**Problem details**
Print exactly and only the lines that run from the one containing "掛軸 出口華凰 松竹梅鶴亀 尺八横 現代作家 新作掛軸 JY1171-9" through the end of the material, please, omitting pictures.

**Supplied information**
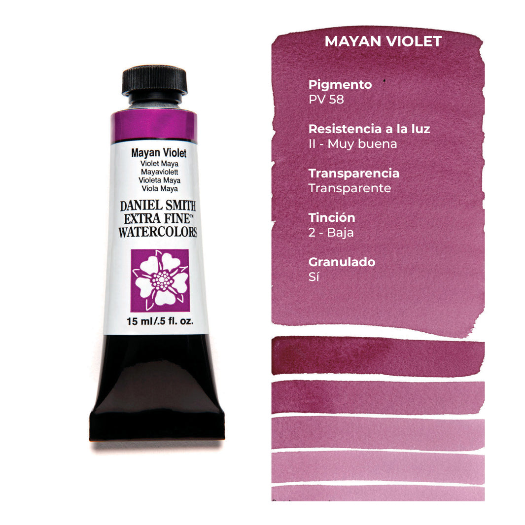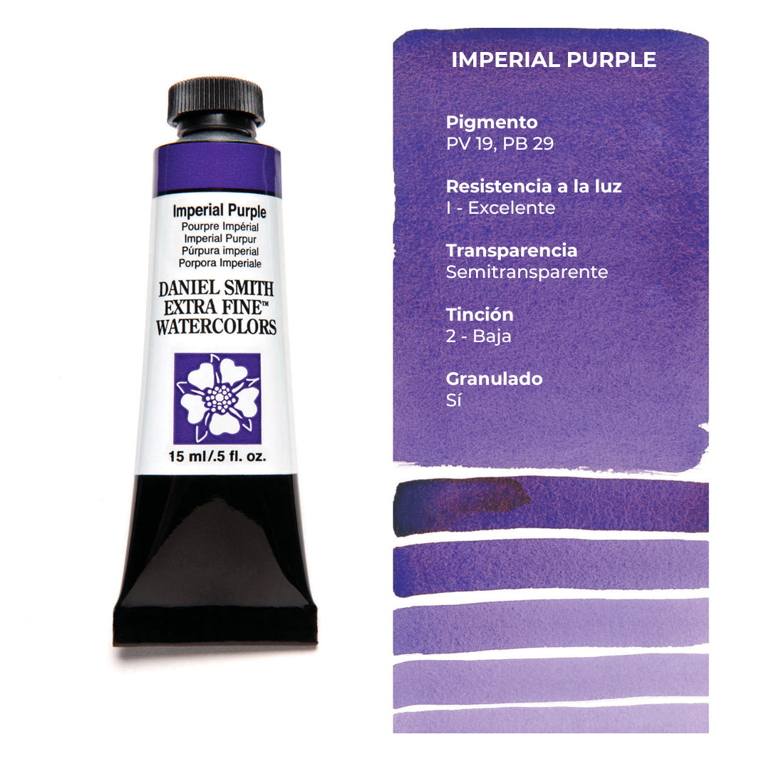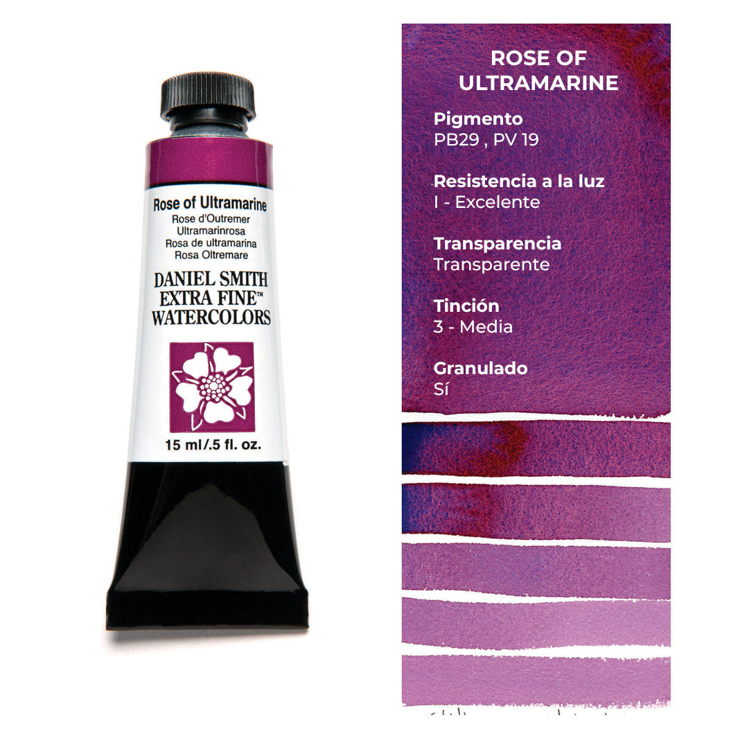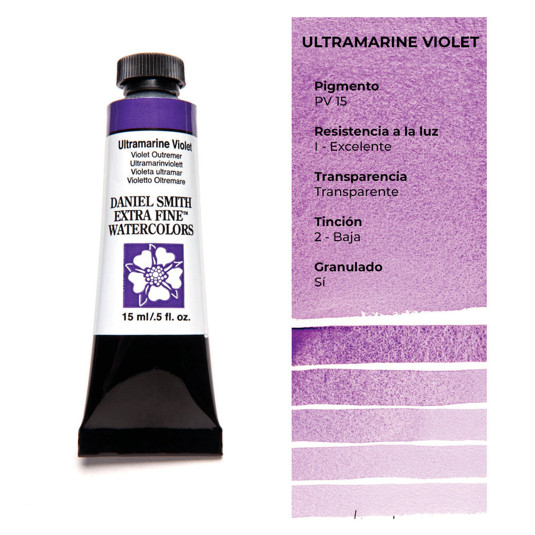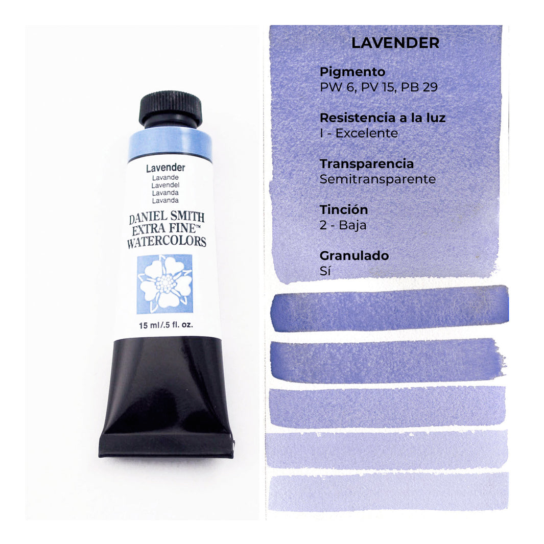 Aquí encontrarás los tonos amarillos, naranjas, rojos, rosados, morados y azules de las acuarelas Daniel Smith. ¿Buscas los demás colores? Encuéntralos aquí.
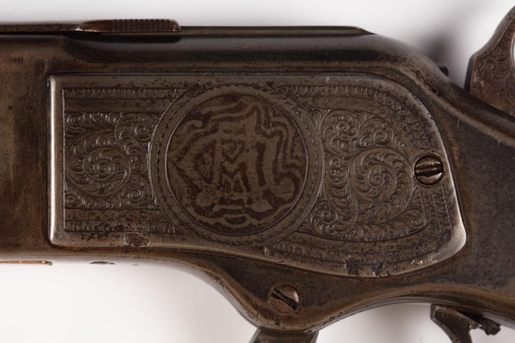 Fancy deluxe wood. 44 caliber. 24.5" octagon barrel. Classic factory scroll and wildlife engraving. Serial #267797B. Factory letter included.
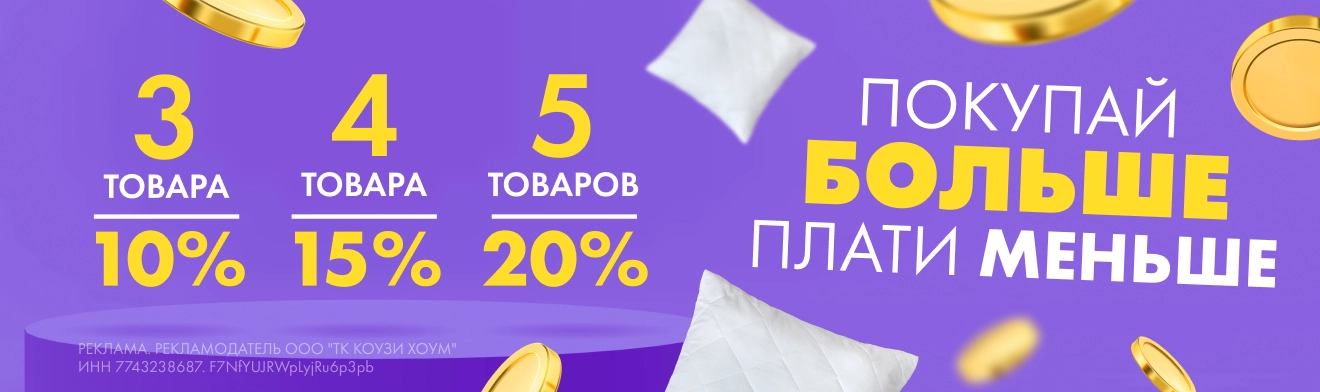 Скидка автоматически рассчитывается в корзине на сайте cozyhome.ru в зависимости от количества товара, добавленного в корзину - при покупке 3 товаров скидка 10%, при покупке 4 товаров скидка 15%, при покупке 5 и более товаров скидка 20%
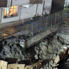 Beton duvar ve toprak parçaları, binanın bitişiğinde devam eden inşaatın temel çukuruna çökerken, bina sakinleri, panikle binayı boşalttı.
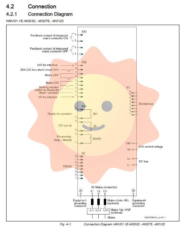Figure 4-1 shows the connections of the HMV01.1E series (W0030/W0075/W0120), including main power inputs (L1, L2, L3, PE), DC bus outputs (L+, L -), 24V control power supply (X9), and internal relay contacts (X14).
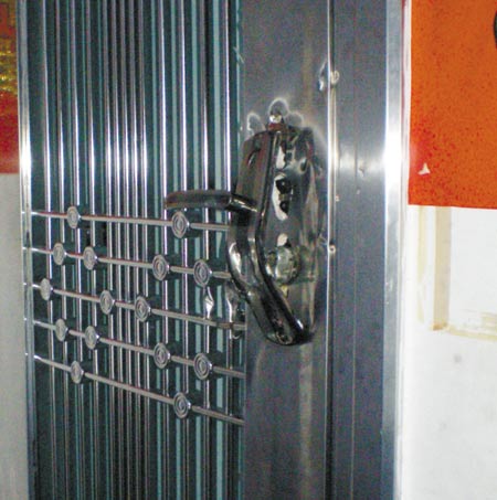 記者沿樓梯上到了這個房間,看到它的門鎖已經(jīng)壞了,估計是行動時警察破門時撬壞的。鐵門下面擺放著兩對拖鞋,記者試著敲了兩下門,里面有個女人來開門。當記者問她“前天晚上警察搜出毒品的是不是在這個房間”時,對方用電白土話連說:“不知道!”記者再下到一樓,兩個正在散步的婦女向記者確認:出事的就是那個房間。
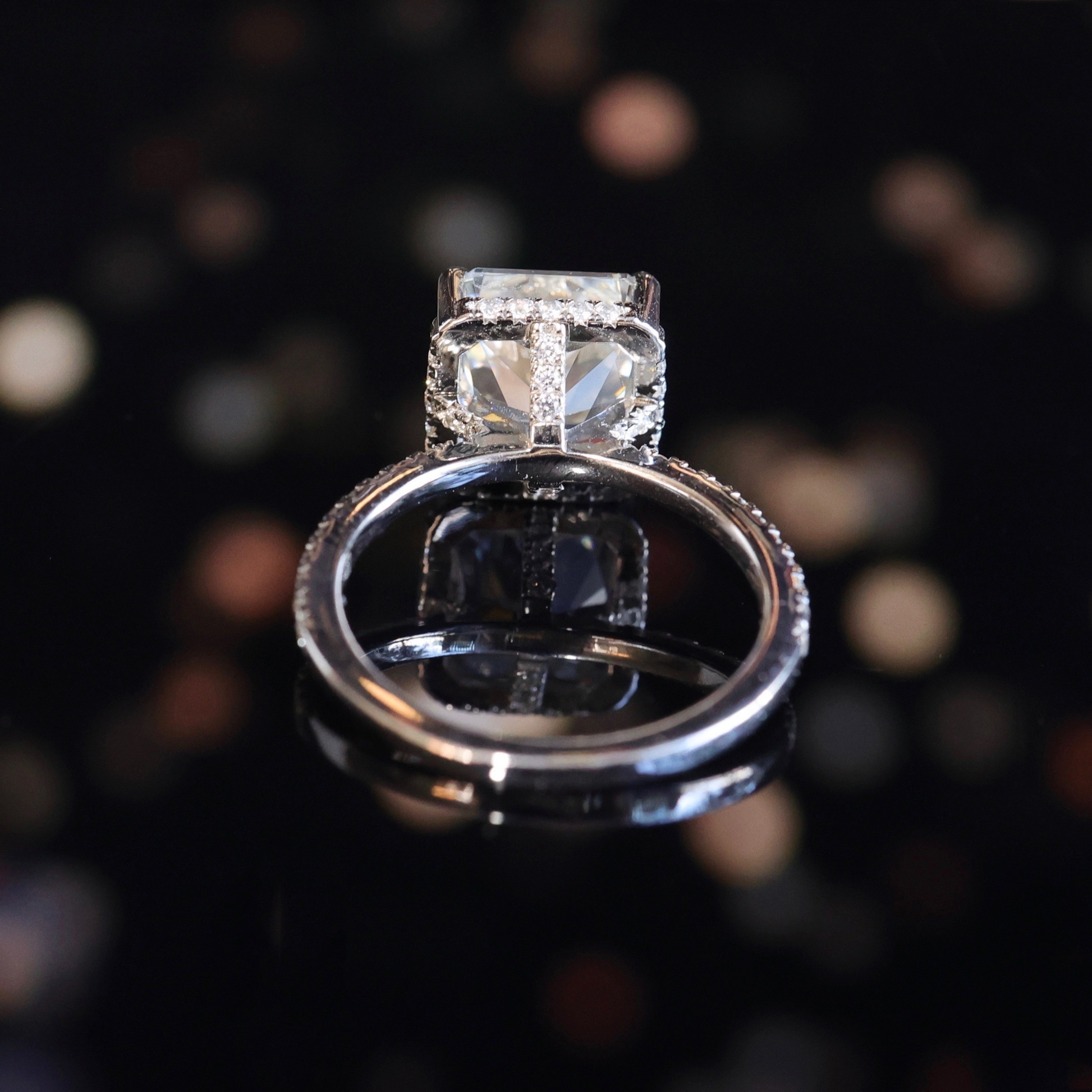 Micro-setting Star cutting Lab created stones Square shape ring sterling silver. (4.5 carat)
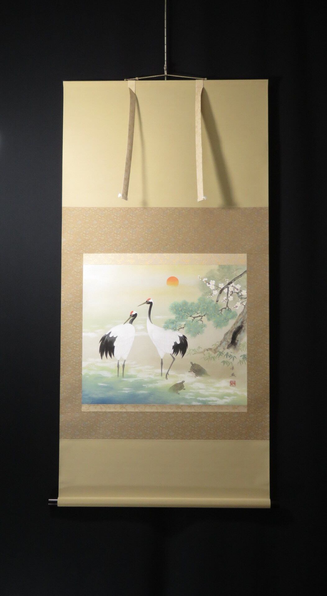 掛軸 出口華凰 松竹梅鶴亀 尺八横 現代作家 新作掛軸 JY1171-9
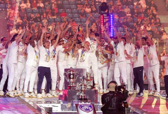 Pasukan JDT menjulang Piala Liga Super kali Ke-11 berturut-turut sempena Majlis Penyampaian Piala Liga Super di Stadium Sultan Ibrahim. - Foto BERNAMA

**Exercise answer**
 掛軸 出口華凰 松竹梅鶴亀 尺八横 現代作家 新作掛軸 JY1171-9
 Pasukan JDT menjulang Piala Liga Super kali Ke-11 berturut-turut sempena Majlis Penyampaian Piala Liga Super di Stadium Sultan Ibrahim. - Foto BERNAMA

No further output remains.